A Brief History of Gas Chromatography
Gas chromatography (GC) is one of the most important and prevalent analytical tools available to chemists. It was invented in 1952 by A.T. James and A.J.P. Martin as an outgrowth of research dating back to the previous decade.1-6 Their early techniques on adsorption and partition enabled some of the later developments that A.J.P. Martin spoke about at the 1957 Lansing Symposium, entitled, “Past, Present and Future of Gas Chromatography.” He concluded his address with the following prediction: “If we tie the gas chromatograph to other pieces of laboratory equipment, we have the possibility of almost the automatic chemist…”2 While the idea of an “automatic chemist” hasn’t quite come to fruition, Martin’s belief “that the uniting instrument of the gas chromatograph in the center” of his lab of the future certainly has.2 With the meteoric rise of GC7, its adoption and adaptation continued unabated in the ensuing decades. Then, “The introduction of robust, efficient, and reproducible fused-silica capillary columns and the provision of relatively inexpensive but reliable equipment for GC-MS provided a crucial new impetus in the 1980s.”1 Interestingly, the GC column saw some major advancements within just a few miles of AMPAC Analytical Laboratories. At that location, Walter Jennings and the company he co-founded, J&W Scientific, were instrumental in the development and manufacturing of capillary GC columns. The company was eventually purchased by Agilent in 2001.8,9 

GC Capabilities
Some of the analyses that GC can do include the separation of compounds in mixtures based on the polarity of the compounds, testing for purity – or for impurities, e.g., and detection of residual solvents. Conversely, with a technique known as preparative chromatography, GC can be used to prepare pure compounds from a mixture.  In pharmaceutical analysis, there are additional applications: 

  • Analysis of various functional groups. 
  • Determining purity of pharmaceutical compounds. 
  • Analysis of drugs that are commonly abused. 
  • Determination in pharmaceutical R & D the identity of natural products that contain  complex mixtures of similar compounds. 
  • Use in metabolomics studies.10 

GC for Testing Residual Solvents
The testing of residual solvents is necessary to ensure potency and, with some solvents, to determine their potential negative effects. GC is an excellent choice to do this. Residual solvents are separated into three classifications by the ICH (International Council for Harmonisation of Technical Requirements for Pharmaceuticals for Human Use): 

Class 1 solvents: Solvents to be avoided – Known human carcinogens, strongly suspected human carcinogens and environmental hazards. The Permissible Daily Exposure (PDE) of these solvents used in pharmaceutical products can range from 2 to 1500 parts per million (PPM).  

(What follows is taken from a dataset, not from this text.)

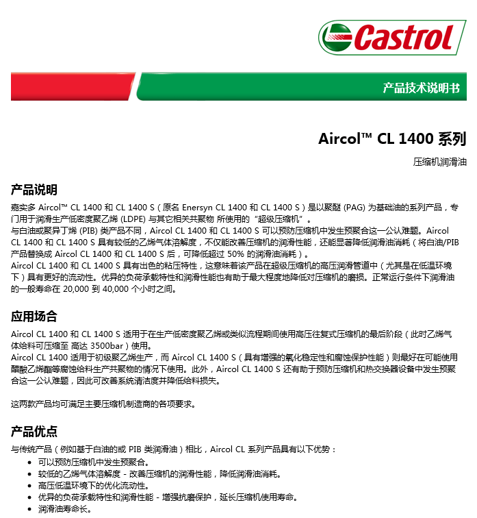 » 产品展示 » 嘉实多空气压缩机油 » 嘉实多 Aircol CL 1400 压缩机润滑油--系列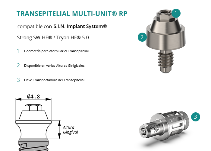 Transepitelial Multi-Unit® RP compatible con S.I.N. Implant System® Strong SW-HE® / Tryon HE® 5.0

Class 2 solvents: Solvents to be limited – Non-genotoxic animal carcinogens or possible causative agents of other irreversible toxicity such as neurotoxicity or teratogenicity and solvents suspected of other significant but reversible toxicities. The PDE for these solvents ranges from 50 to 3880 ppm. 

Class 3 solvents: Solvents with low toxic potential – low toxic potential to man requiring no health-based exposure limit. Class 3 solvents have PDEs of 50 mg or more per day.11 

Within these three classifications, some of the most commonly used solvents are listed: 

  • Benzene (class 1)  
  • Acetonitrile, Cyclohexane, Hexane, and Methanol (class 2) 
  • Acetic Acid, Acetone, and Heptane (class 3).11,12 

Headspace GC (HSGC) and Direct Injection GC
In addition to the numerous GC developments such as column type, phase and coating techniques, and multidimensional GC, two types of sampling methods arose: direct injection (“DI”) and headspace (“HSGC”).  In the former, the sample is injected “directly” into a typical sample injector of the GC column. In HSGC, when heated, “the more volatile compounds will tend to move into the gas phase (or headspace) sample. The more volatile the compound, the more concentrated it will be in the headspace. Conversely, the less volatile (and more GC-unfriendly) components that represent the bulk of the sample will tend to remain in the liquid phase.“13 

Therefore, by extracting the “headspace vapor and injecting it into a gas chromatograph, there will be far less of the less-volatile material entering the GC column, making the chromatography much cleaner, easier, and faster.”13 Generally, HSGS is much cleaner and results in less wear on the column. For more on comparative techniques with DI and HSGC, please see the first entry in the “Resources” section below. 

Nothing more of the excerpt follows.